What is required:
Only the text belongs in the copy: retype each record exactly as it appears.

········

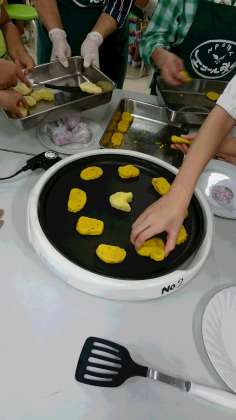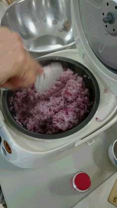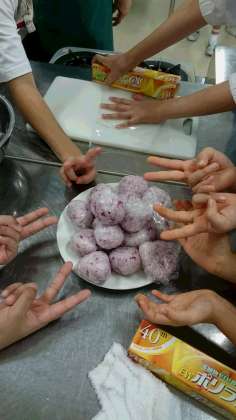 ハスカップご飯が炊き上がりました!いい香りがします。おにぎりにして食べましょう。コーンスープもできました。いも団子を焼いて・・・もう少しで完成です。
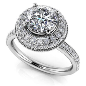 You’ll fall in love with the beauty of this vintage inspired diamond engagement ring! A beautiful round center diamond is set with a four prong design and surrounded by a double row of round diamonds. Millgrain edging adds a vintage style to the ring head and shank. You can choose from five sizes including .92, 1.20, 1.46, 1.75, and 2.00 total diamond carat weights. Plus, you can customize this dazzling diamond ring in white gold, yellow gold or platinum for an exceptional item that will remind her why she fell in love with you, time and time again!
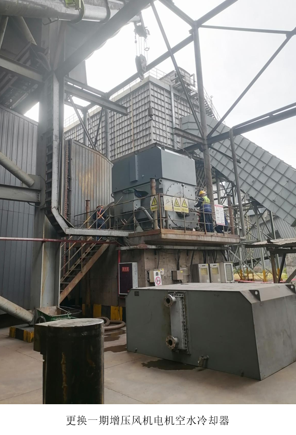 西昌藍(lán)鼎在常規(guī)運(yùn)行監(jiān)測(cè)中發(fā)現(xiàn)一期6000千瓦增壓風(fēng)機(jī)電機(jī)空水冷卻器電機(jī)定子繞組溫度接近警戒溫度100攝氏度,存在安全隱患。公司副總經(jīng)理明確指示,要及時(shí)組織更換,徹底消除設(shè)備過熱風(fēng)險(xiǎn),確保生產(chǎn)系統(tǒng)安全平穩(wěn)運(yùn)行。4月1日,西昌藍(lán)鼎首次順利完成該電機(jī)空水冷卻器的更換工作。
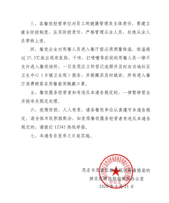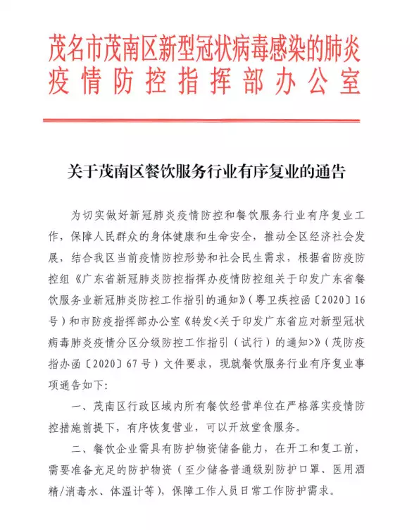爆料 茂名:茂南区发出餐饮服务行业有序复业的通告 (1人在浏览)
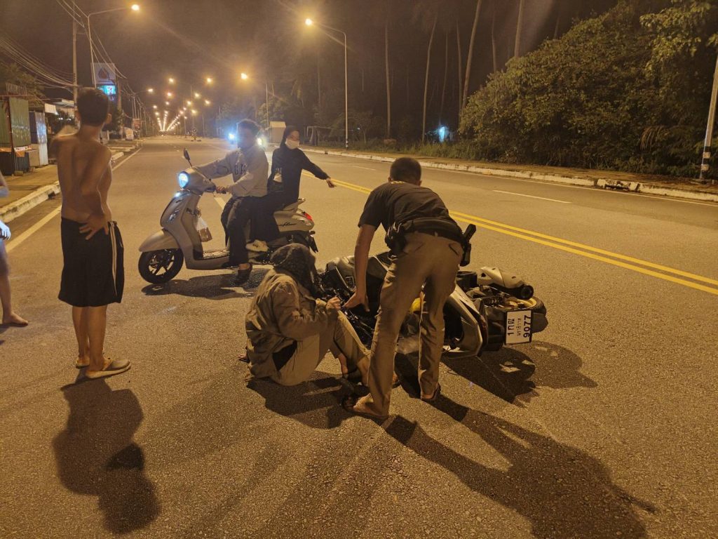 ร.ต.ต.จรูญ จันทโฆษรอง สวป.สภ.โคกเคียนพร้อม ชป.พนาสณฑ์ ช่วยเหลือเหตุ รถจักรยานยนต์ล้มเอง
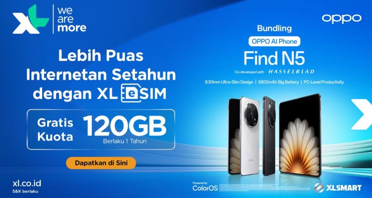 Bekerja sama dengan OPPO Find N5, XLSMART menawarkan total kuota hingga 120GB yang dibagikan secara bulanan selama 12 bulan, dengan rincian 2GB kuota utama dan 8GB bonus kuota YouTube yang langsung aktif sejak aktivasi. Pelanggan juga akan mendapatkan eSIM XLSMART secara gratis tanpa biaya tambahan. Penawaran ini berlaku mulai 1 Mei 2025 dan menjadi salah satu bentuk kolaborasi strategis XL Axiata dalam mendukung ekosistem digital berbasis eSIM.
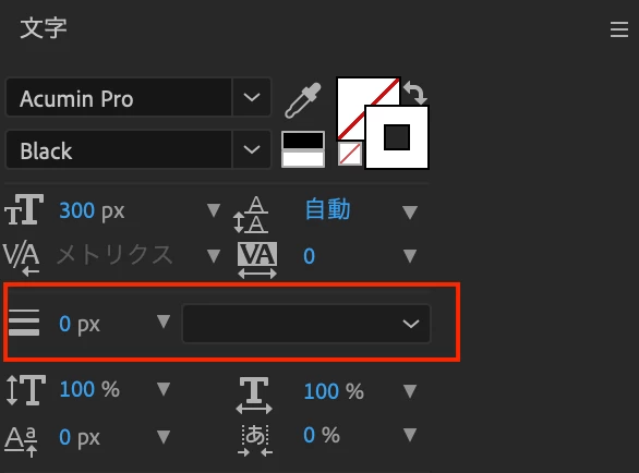 普通に作るとすれば、テキストパネルにある「塗り」のチェックボックスを外し、ストロークにチェックを入れる。
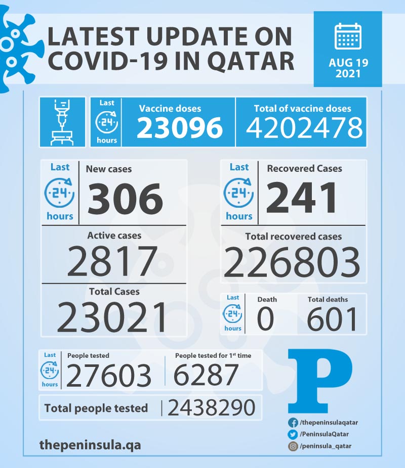 Doha: Ministry of Public Health (MoPH) today reported 306 new cases of coronavirus (Covid-19) and 241 people recovered from the virus in the last 24 hours, bringing the total number of people recovered in Qatar to 226,803.
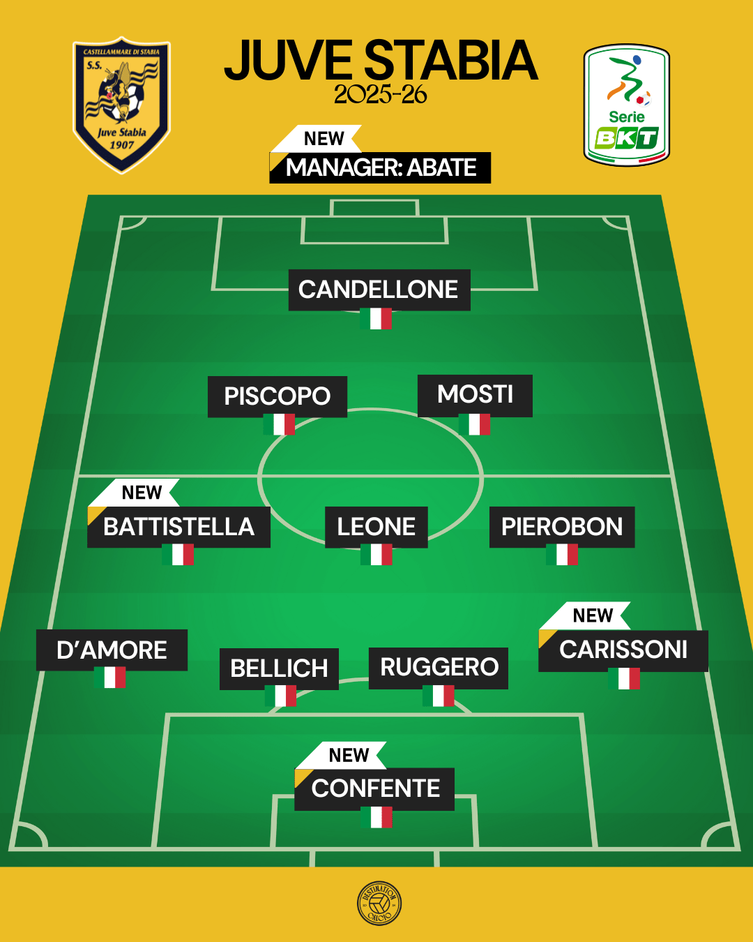 Abate stuck to a four-man defence last season, mostly in a 4-2-3-1 formation and occasionally switching to a more prudent 4-3-2-1, while Juve Stabia’s colours were firmly tied to the 3-4-2-1 mast under Pagliuca.
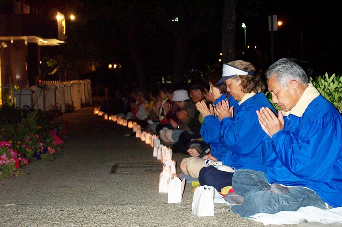 洛杉矶学员中领馆前烛光悼念千名同修 谴责江氏集团暴行(图)
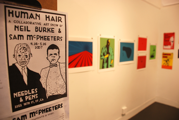 Needles + Pens Presents: Human Hair A Collaborative Art Show by Neil Burke & Sam McPheeters on display April 28th, 2007 through May 26th 2007 |
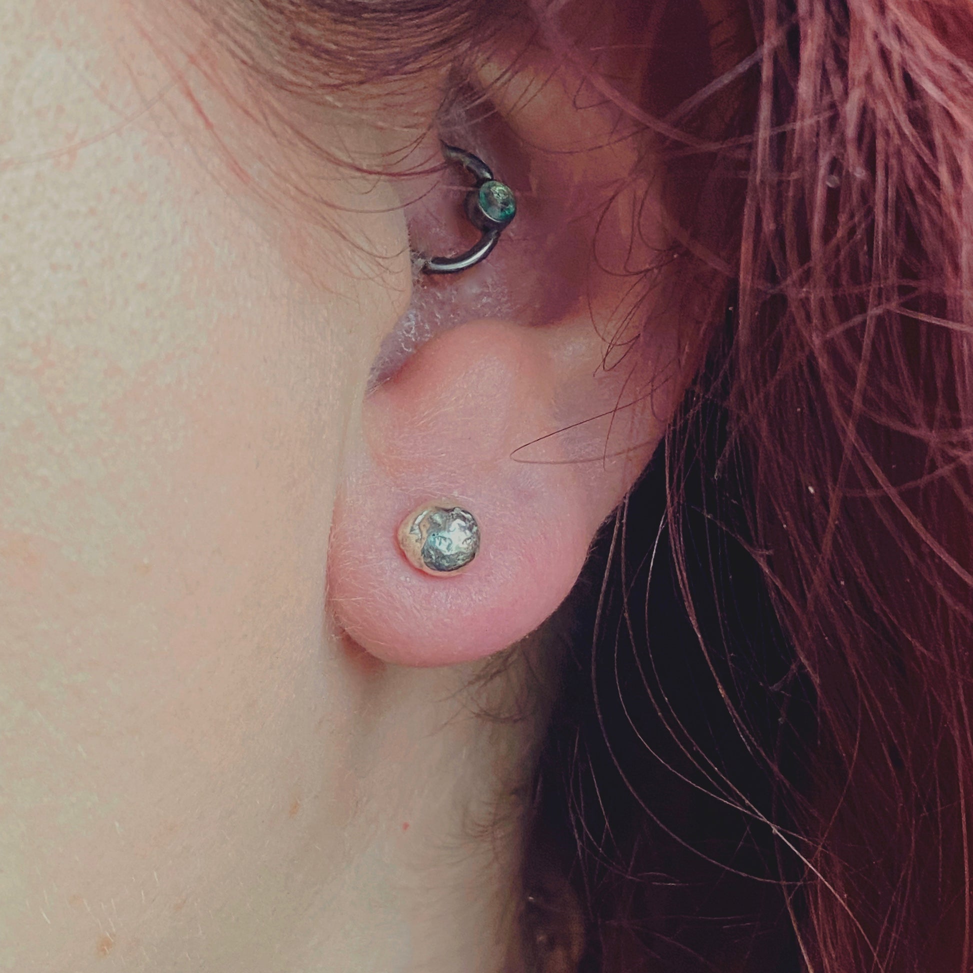 These earrings are approximately 5mm across, however due to the nature of the making process, sizes may vary slightly. They weigh around 1 gram each so are nice and lightweight for everyday wear, and feature a sterling silver post with butterfly push-back.
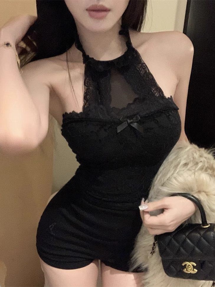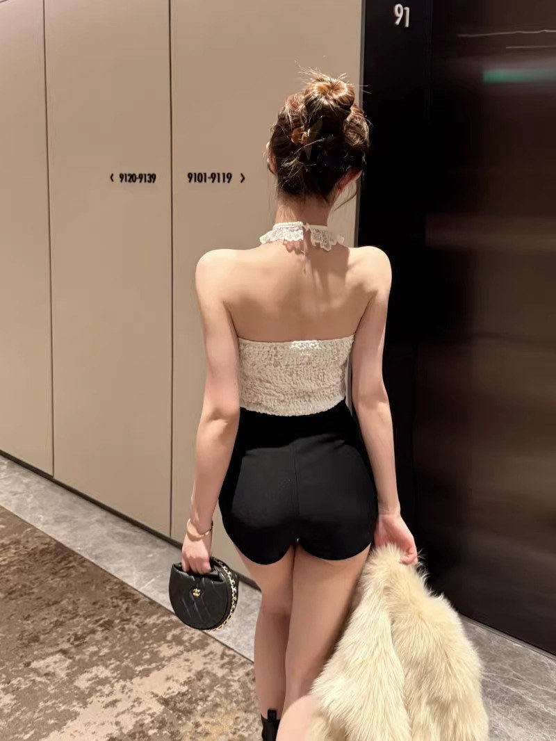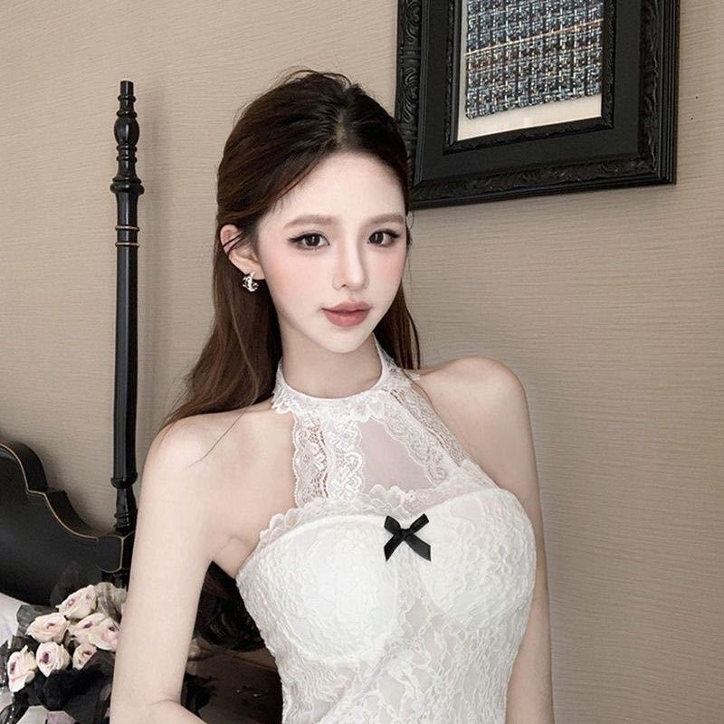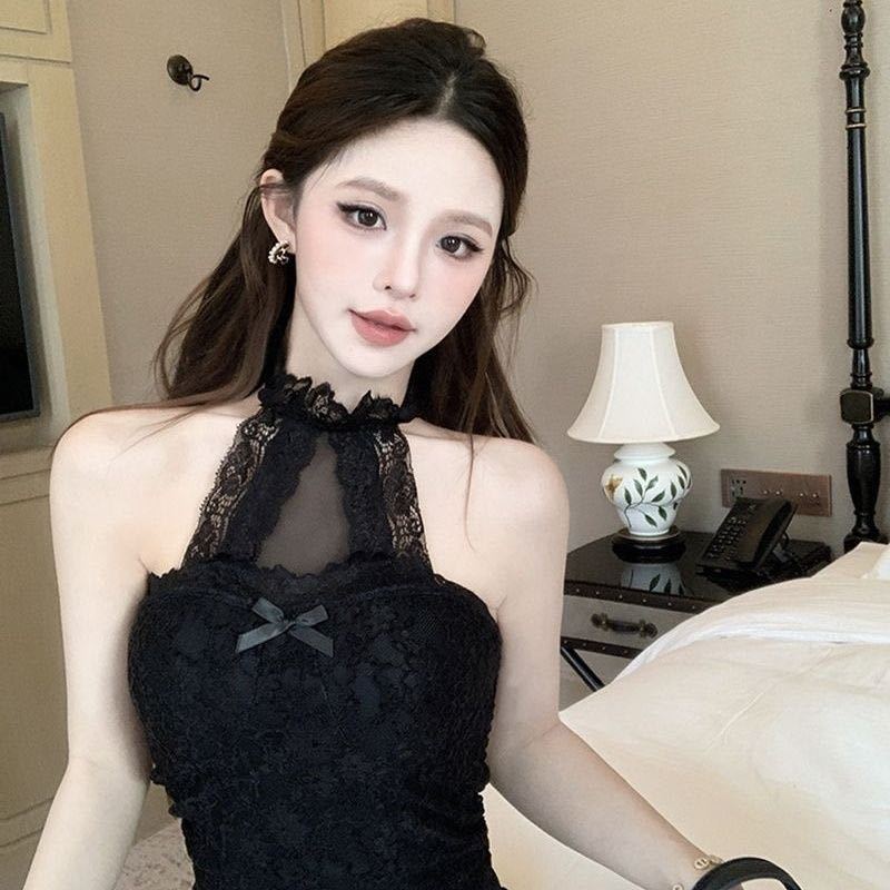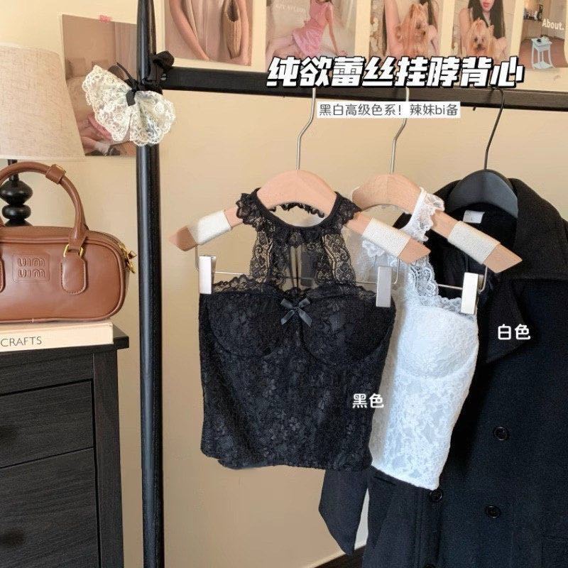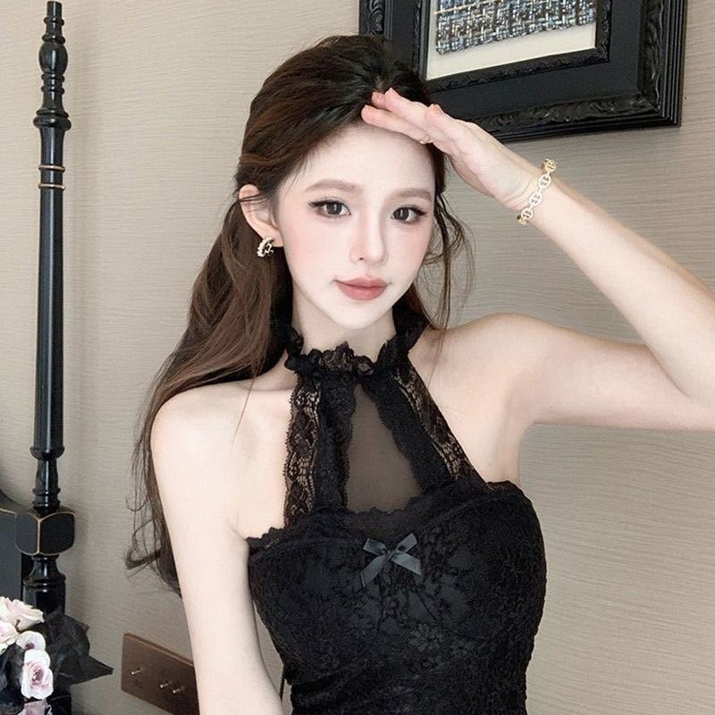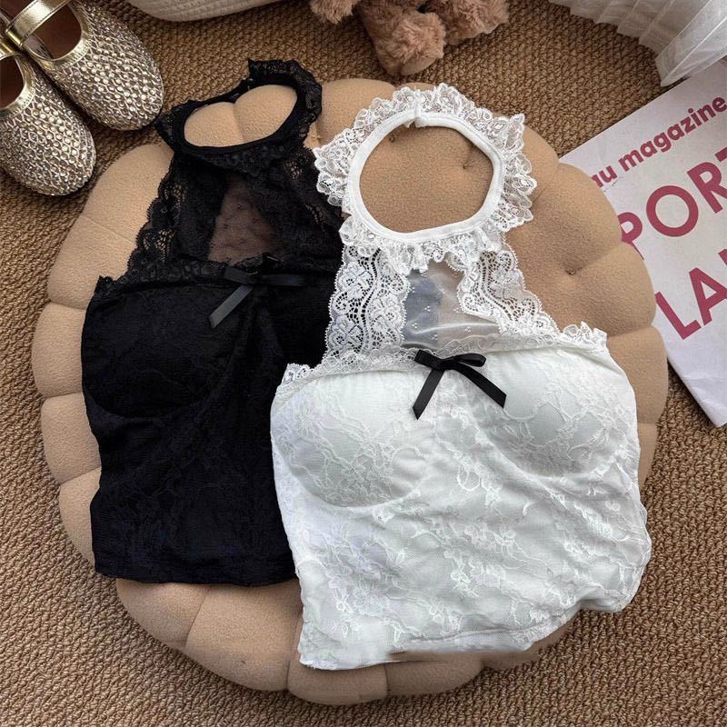 3301 # 가슴 패드가 있는 홀터넥 레이스 섹시 캐미솔 슬림핏 짧은 핫걸 밑단 민소매 탑스토어 가기

········

Response box:
 ハスカップご飯が炊き上がりました!いい香りがします。おにぎりにして食べましょう。コーンスープもできました。いも団子を焼いて・・・もう少しで完成です。
 You’ll fall in love with the beauty of this vintage inspired diamond engagement ring! A beautiful round center diamond is set with a four prong design and surrounded by a double row of round diamonds. Millgrain edging adds a vintage style to the ring head and shank. You can choose from five sizes including .92, 1.20, 1.46, 1.75, and 2.00 total diamond carat weights. Plus, you can customize this dazzling diamond ring in white gold, yellow gold or platinum for an exceptional item that will remind her why she fell in love with you, time and time again!
 西昌藍(lán)鼎在常規(guī)運(yùn)行監(jiān)測(cè)中發(fā)現(xiàn)一期6000千瓦增壓風(fēng)機(jī)電機(jī)空水冷卻器電機(jī)定子繞組溫度接近警戒溫度100攝氏度,存在安全隱患。公司副總經(jīng)理明確指示,要及時(shí)組織更換,徹底消除設(shè)備過熱風(fēng)險(xiǎn),確保生產(chǎn)系統(tǒng)安全平穩(wěn)運(yùn)行。4月1日,西昌藍(lán)鼎首次順利完成該電機(jī)空水冷卻器的更換工作。
爆料 茂名:茂南区发出餐饮服务行业有序复业的通告 (1人在浏览)
 ร.ต.ต.จรูญ จันทโฆษรอง สวป.สภ.โคกเคียนพร้อม ชป.พนาสณฑ์ ช่วยเหลือเหตุ รถจักรยานยนต์ล้มเอง
 Bekerja sama dengan OPPO Find N5, XLSMART menawarkan total kuota hingga 120GB yang dibagikan secara bulanan selama 12 bulan, dengan rincian 2GB kuota utama dan 8GB bonus kuota YouTube yang langsung aktif sejak aktivasi. Pelanggan juga akan mendapatkan eSIM XLSMART secara gratis tanpa biaya tambahan. Penawaran ini berlaku mulai 1 Mei 2025 dan menjadi salah satu bentuk kolaborasi strategis XL Axiata dalam mendukung ekosistem digital berbasis eSIM.
 普通に作るとすれば、テキストパネルにある「塗り」のチェックボックスを外し、ストロークにチェックを入れる。
 Doha: Ministry of Public Health (MoPH) today reported 306 new cases of coronavirus (Covid-19) and 241 people recovered from the virus in the last 24 hours, bringing the total number of people recovered in Qatar to 226,803.
 Abate stuck to a four-man defence last season, mostly in a 4-2-3-1 formation and occasionally switching to a more prudent 4-3-2-1, while Juve Stabia’s colours were firmly tied to the 3-4-2-1 mast under Pagliuca.
 洛杉矶学员中领馆前烛光悼念千名同修 谴责江氏集团暴行(图)
 Needles + Pens Presents: Human Hair A Collaborative Art Show by Neil Burke & Sam McPheeters on display April 28th, 2007 through May 26th 2007 |
 These earrings are approximately 5mm across, however due to the nature of the making process, sizes may vary slightly. They weigh around 1 gram each so are nice and lightweight for everyday wear, and feature a sterling silver post with butterfly push-back.
 3301 # 가슴 패드가 있는 홀터넥 레이스 섹시 캐미솔 슬림핏 짧은 핫걸 밑단 민소매 탑스토어 가기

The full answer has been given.